In one example, system 600 includes interface 614, which can be coupled to interface 612. Interface 614 can be a lower speed interface than interface 612. In one example, interface 614 represents an interface circuit, which can include standalone components and integrated circuitry. In one example, multiple user interface components, peripheral components, or both are coupled to interface 614. Network interface 650 provides system 600 the ability to communicate with remote devices (e.g., servers or other computing devices) over one or more networks. Network interface 650 can include an Ethernet adapter, wireless interconnection components, cellular network interconnection components, USB (universal serial bus), or other wired or wireless standards-based or proprietary interfaces. Network interface 650 can exchange data with a remote device, which can include sending data stored in memory or receiving data to be stored in memory.

In one example, system 600 includes one or more input/output (I/O) interface(s) 660. I/O interface 660 can include one or more interface components through which a user interacts with system 600 (e.g., audio, alphanumeric, tactile/touch, or other interfacings). Peripheral interface 670 can include any hardware interface not specifically mentioned above. Peripherals refer generally to devices that connect dependently to system 600. A dependent connection is one where system 600 provides the software platform or hardware platform or both on which operation executes and with which a user interacts.

In one example, system 600 includes storage subsystem 680 to store data in a nonvolatile manner. In one example, in certain system implementations, at least certain components of storage 680 can overlap with components of memory subsystem 620. Storage subsystem 680 includes storage device(s) 684, which can be or include any conventional medium for storing large amounts of data in a nonvolatile manner, such as one or more magnetic, solid state, NAND, 3DXP, or optical based disks, or a combination. Storage 684 holds code or instructions and data 686 in a persistent state (i.e., the value is retained despite interruption of power to system 600). Storage 684 can be generically considered to be a “memory,” although memory 630 is typically the executing or operating memory to provide instructions to processor 610. Whereas storage 684 is nonvolatile, memory 630 can include volatile memory (i.e., the value or state of the data is indeterminate if power is interrupted to system 600). In one example, storage subsystem 680 includes controller 682 to interface with storage 684. In one example, controller 682 is a physical part of interface 614 or processor 610 or can include circuits or logic in both processor 610 and interface 614.

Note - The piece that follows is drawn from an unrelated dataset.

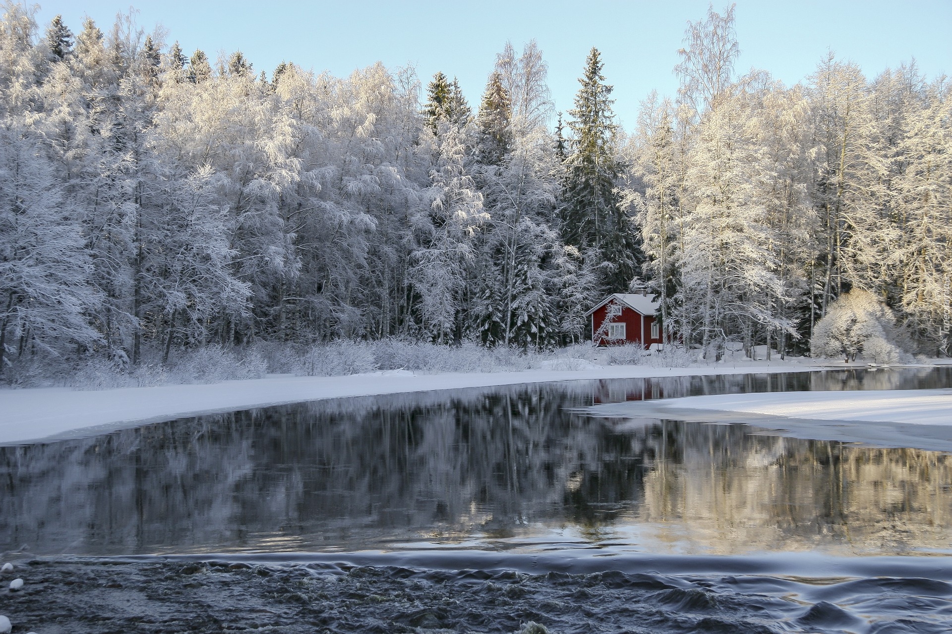 Edytor tapety: Czerwony dom pod ośnieżonym lasem na brzegu rzeki

Power source 602 provides power to the components of system 600. More specifically, power source 602 typically interfaces to one or multiple power supplies 604 in system 600 to provide power to the components of system 600. In one example, power supply 604 includes an AC to DC (alternating current to direct current) adapter to plug into a wall outlet. Such AC power can be renewable energy (e.g., solar power) power source 602. In one example, power source 602 includes a DC power source, such as an external AC to DC converter. In one example, power source 602 or power supply 604 includes wireless charging hardware to charge via proximity to a charging field. In one example, power source 602 can include an internal battery or fuel cell source.

Examples of hot-remove of pinned pages follow.

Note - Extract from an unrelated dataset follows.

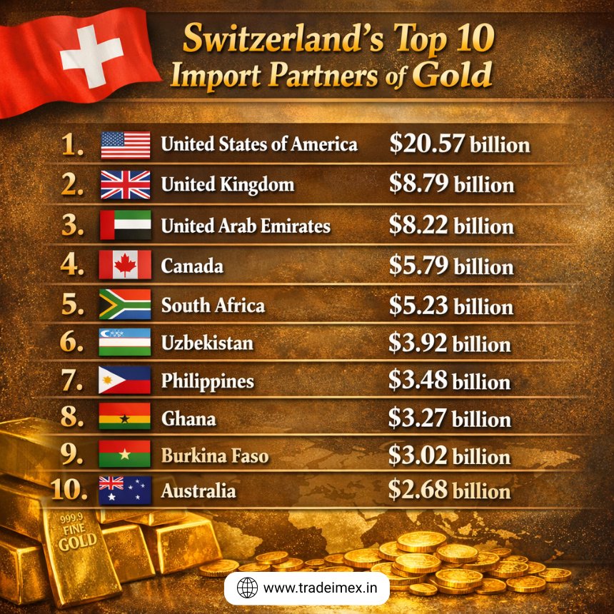 Switzerland’s Top 10 Import Partners of Gold

Example 1: an apparatus including a hardware interface to couple to a memory, the memory having a first region and a second region, and the hardware interface capable to establish a direct access to the memory for a peripheral device coupled to the memory; circuitry capable to: migrate a page from the first region to the second region, and maintain the direct access to the memory by the peripheral device to the page during migration of the page from the first region to the second region.

Example 2: the apparatus of example 1, wherein the page is a pinned page in the first region of the memory.

Example 3: the apparatus of examples 1 or 2, wherein the page is a pinned input/output (IO) direct memory access (DMA) page in the first region of the memory.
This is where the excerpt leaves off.